ここには「スペシャリスト達」の本気の思慮がある。
この真剣な配慮は、大きな前進だと思う。
なぜなら「死に対する配慮」が、
「生に対する配慮」に直結しているからだ。
それが直結していることを人人は知るべきだと思う。
死に対する配慮は、必ず生に対する配慮に繋がるのである。
「尊厳死であろうが殺処分に変わりは無いだろ!」
・・・と声を荒げる愛護家達も多いだろうが、
それを言ったら話は一向に進まないだろう。
「とにかく殺処分反対!」と口で言うのは簡単だが、
世間の非情飼主達を即座に諭すことはできるのか??
その非情飼主の飼育感覚は、
この今の世間の世情の反映だということを、
まずはそれを認識しなければならないのである。
世間では非情飼主も決して特殊な存在では無いのだ。
その現実を、よくよく認識すべきだと思うのだ。
それを認識した上で上の記事を読めば、
その記事内容の真意が分かるはずである。
世間には「犬畜生の殺し方なんてどうでもいいだろ!」
・・・と嘲笑する人も多いのである。
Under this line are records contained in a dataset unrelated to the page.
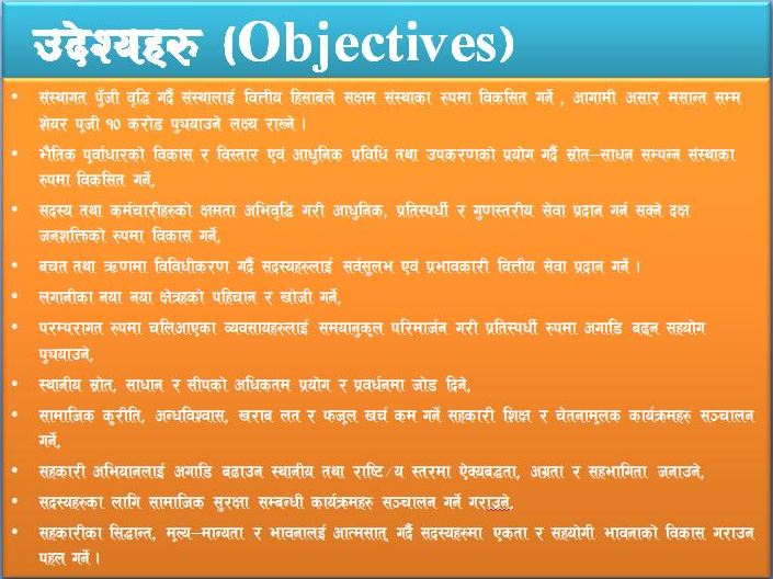 बचत तथा ऋणमा विविधीकरण गर्दै सदस्यहरुलाई सर्वसुलभ एवं प्रभावकारी वित्तीय सेवा प्रदान गर्ने ।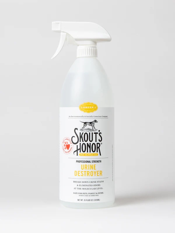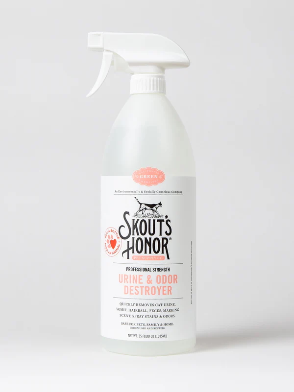 Skout's Honor Cat Urine & Odor Destroyer quickly removes cat urine from carpet, rugs, bedding, upholstery and more! It also eliminates cat urine odor for good!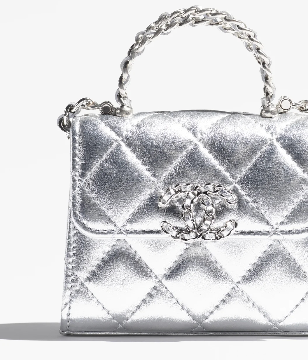 CLUTCH WITH CHAIN Metallic Calfskin & White Metal Silvery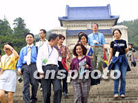 出席第六屆世界華商大會的代表十九日在南京中山陵參觀。中新社記者 李剛 攝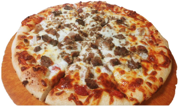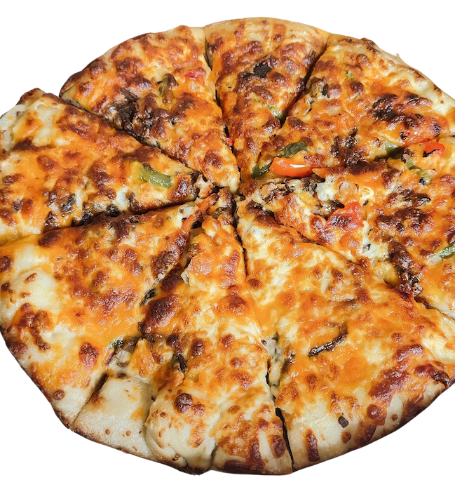 Our newest, must-try pizza! Made with BBQ burnt pork ends, Italian sausage, marinated porkloin, garlic-infused pork shoulder, BBQ sauce & cheddar!
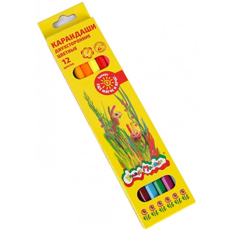 Двусторонние цветные карандаши Каляка-Маляка® экономят место в сумочке ребенка, так как 6 карандашей позволяют рисовать 12 цветами: 6 основных цветов и 6 флуоресцентных. Сочетание основных цветов с флуоресцентными позволяет ребенку воплотить самые яркие и удивительные фантазии.• 6 карандашей – 12 цветов (6 основных цветов и 6 флуоресцентных)• изготовлены из прочной и легкой древесины• имеют идеально отцентрованный мягкий прочный грифель• не крошатся во время заточки, не ломаются, срез остается гладким и блестящим• хорошо заточены• хорошо ложатся на бумагу, оставляя яркий, устойчивый к выцветанию след• покрыты лаком, предотвращающим от рассыхания и трещин на корпусе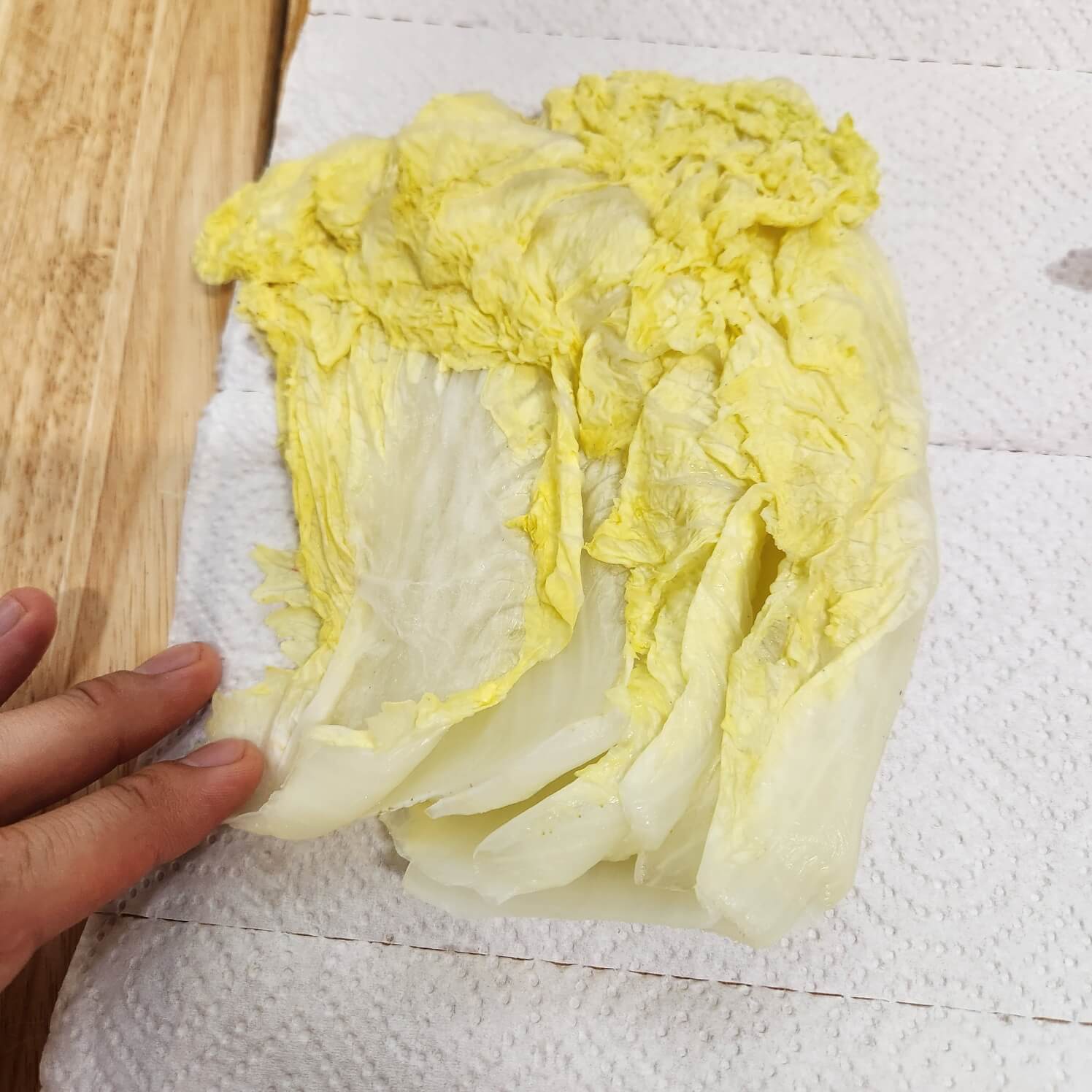 5. 전자레인지에 찐 배추도 식으면 키친타월로 짜주시면 됩니다.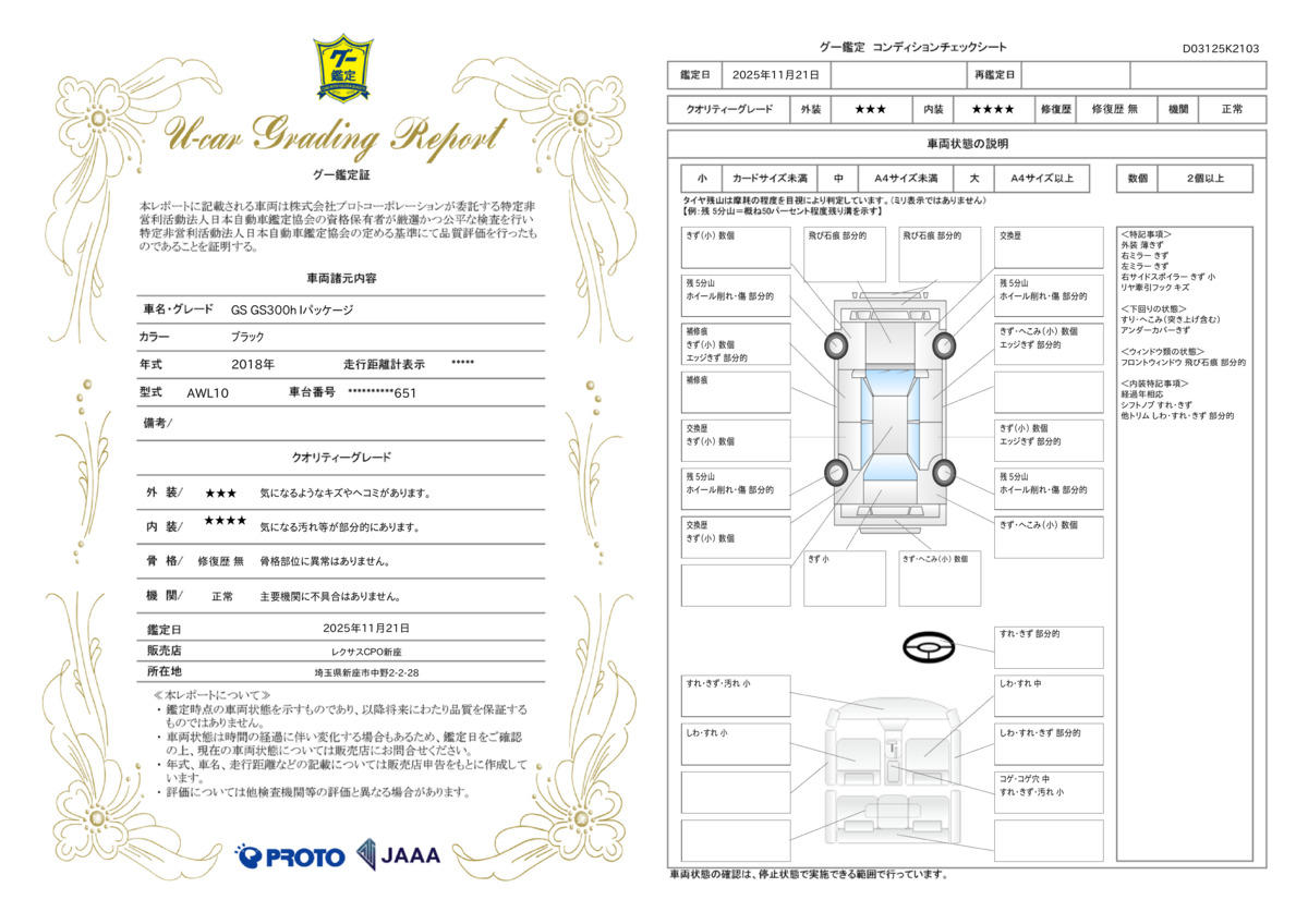 [保証付]:12ヶ月・走行無制限 仕上がりには万全を期しておりますが、万一不具合が生じた場合、保証書および保証ガイドに示す条件に従って無料で修理を行います。レクサス中古車ならではの保証制度を全国レクサス店にてお受けいただけます。 |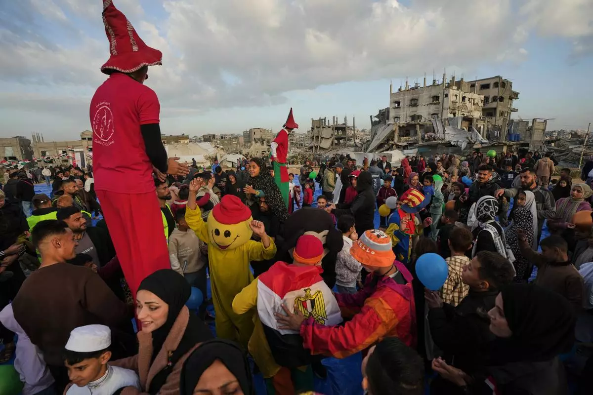 Palestinians celebrate Eid al-Fitr amid the rubble of destroyed buildings in Jabaliya, Gaza Strip, Friday, March 20, 2026. (AP Photo/Jehad Alshrafi)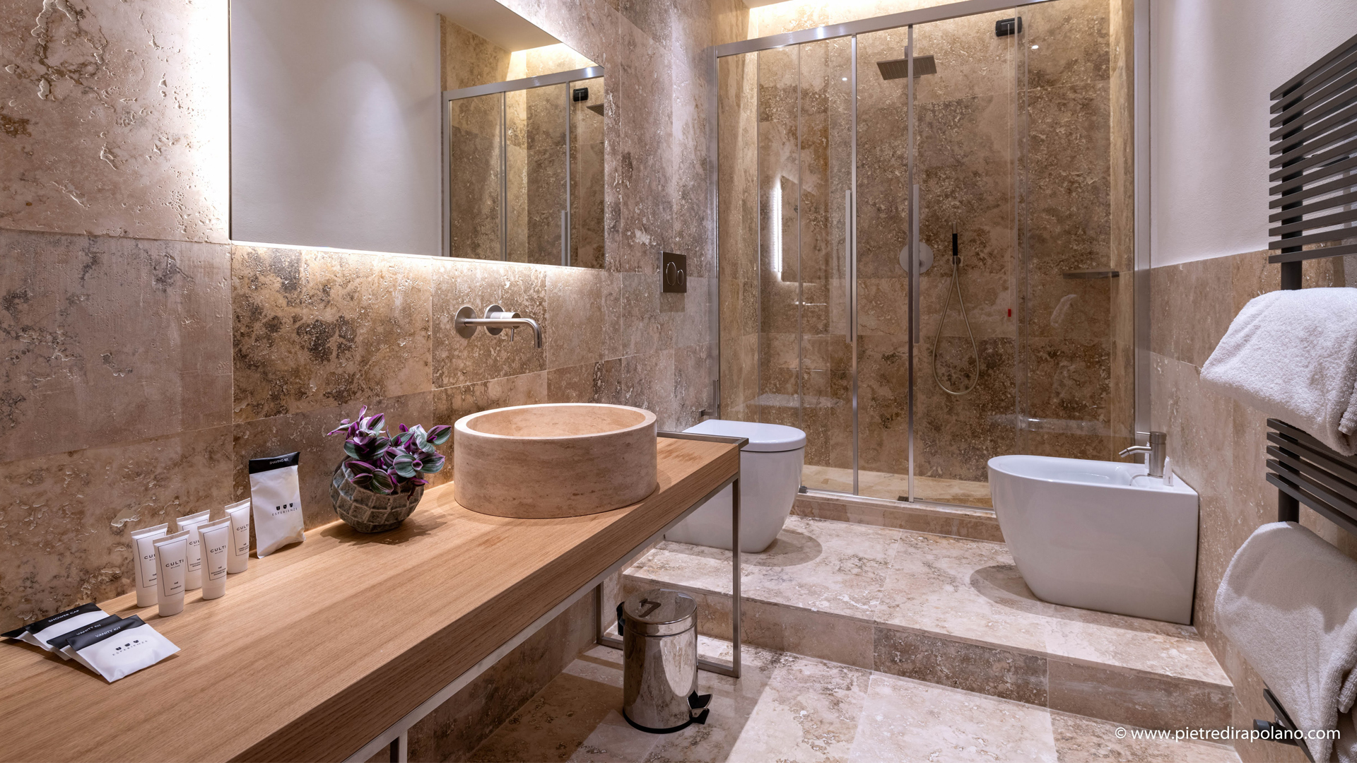 The supply also included bathroom furniture: boxwood tops mounted on a stainless steel structure with an integrated towel rack. For all the furniture, solid travertine bowl sinks (models Tonda, Tonda slim, Fiano) were used, and in one of the rooms, the freestanding sink Cono.
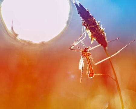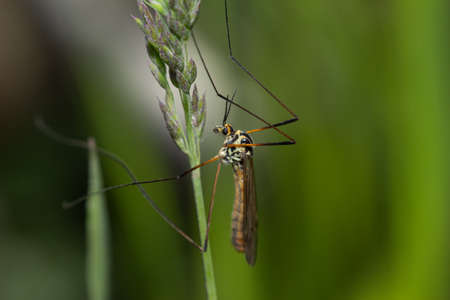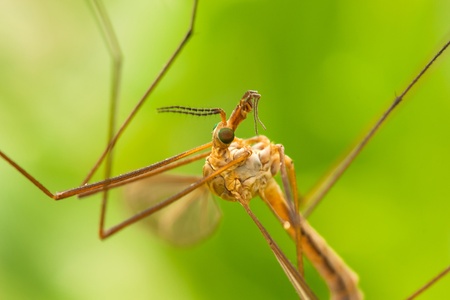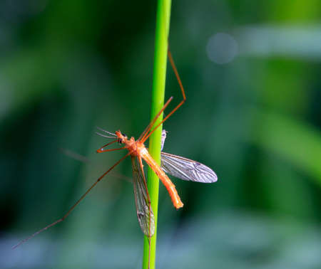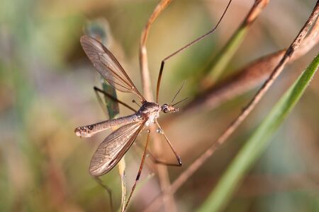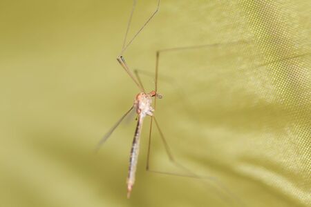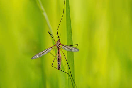 mosquito on a blurred green background. colorful detailed macro photo of an insect. screensaver. wildlife. close-up. text space. Tipulidae. Nematocera. Tipulidae. Tipula. mosquito.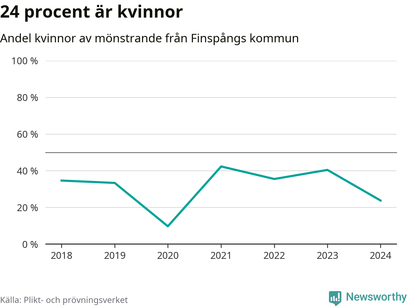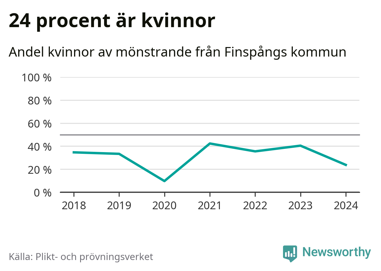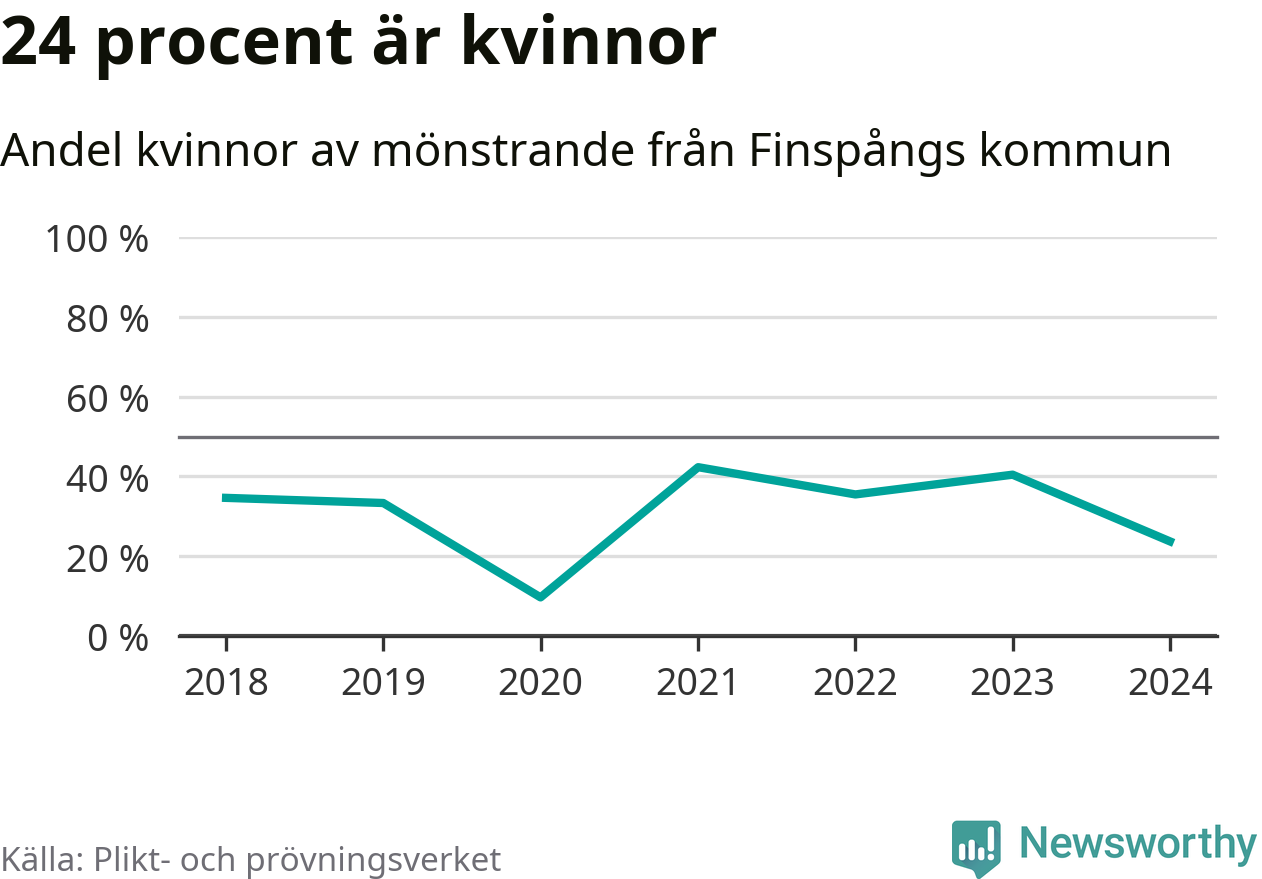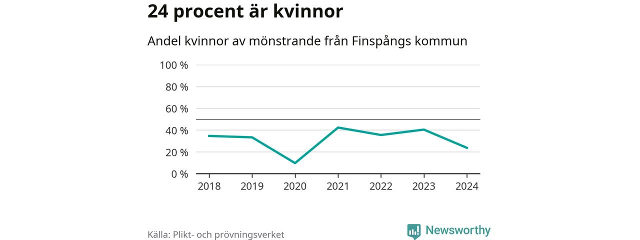 14 av de som kallats till mönstring från Finspång är kvinnor, vilket motsvarar 24 procent av de mönstrande. Som mest har 19 kvinnor kallats från kommunen (2023). I riket som helhet är 30 procent av de mönstrande tjejer.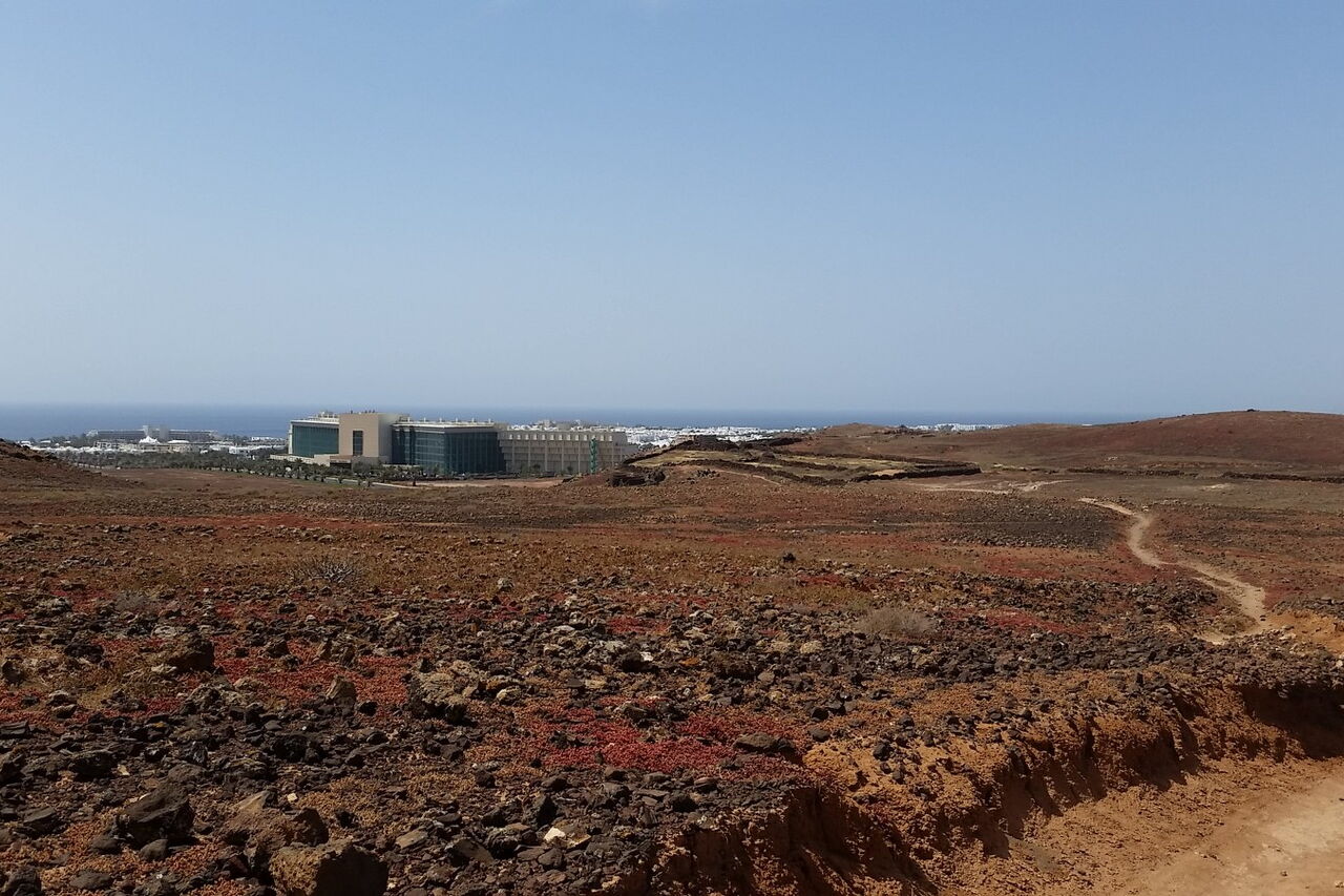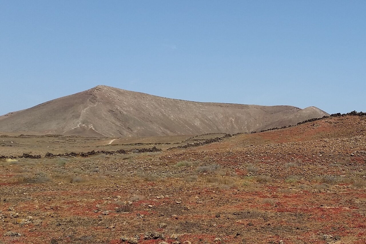 Nach 200 m, bei dem Abzweiger von der Hauptstraße nach rechts, überqueren wir die Straße nach links, passieren die hohe Mauer bei einem Durchlass und beginnen mit dem Aufstieg zum Gipfel der (03) Montaña Corona (225 m). Bei guter Sicht ergeben sich trotz der vergleichsweise geringen Höhe überraschende Fernblicke: So kann man entlang der Ostküste bis nach Arrecife blicken - gut zu erkennen am einzigen Hochhaus der Insel - und bei sehr guter Fernsicht kann man sogar die hell leuchtenden Dünen von Fuerteventura ausmachen. Richtung Norden erstreckt sich das Risco-de-Famara-Gebirgsmassiv (halb rechts), wir sehen die Burganlage von Santa Barbara oberhalb von TEGUISE und weiter links (Richtung Westen) lassen sich die Vulkane Montaña Tamia (550 m) und die Montaña Blanca (595 m) gut ausmachen.

それが厳然と現実なのだ。
その現実を考えれば、この記事内容の重大さが分かるはずだ。
 
「死ねば一緒!死に方なんか関係ない!」と言う人も多い。
そう言う人は、もし自分の死の際にも、そう言えるだろうか??
「死ねば一緒だから、どんな死に方でもOK!」と言えるだろうか??
今生の最期に、もし最苦の苦しみが待ち構えているとしても、
その人は平気で平然と、その死を迎え待つことができるだろうか??
自分の身に置き換えてみれば分かることだろう。
「もし死ぬなら、できる限りに安らかに死にたい・・」
それが全ての命の、今生最期の切なる願いである。
 
非業の死に際の動物達が、昔から私の夢に現われる。
それは夢とも現実ともつかないリアル光景である。
いろんな動物達が苦しみの極致の姿で現われる。
それは言葉では表現できないほどの惨劇だ。
それは実は、全世界の現実なのだ。
それは全世界の動物達の悲痛極まる悲鳴なのだ。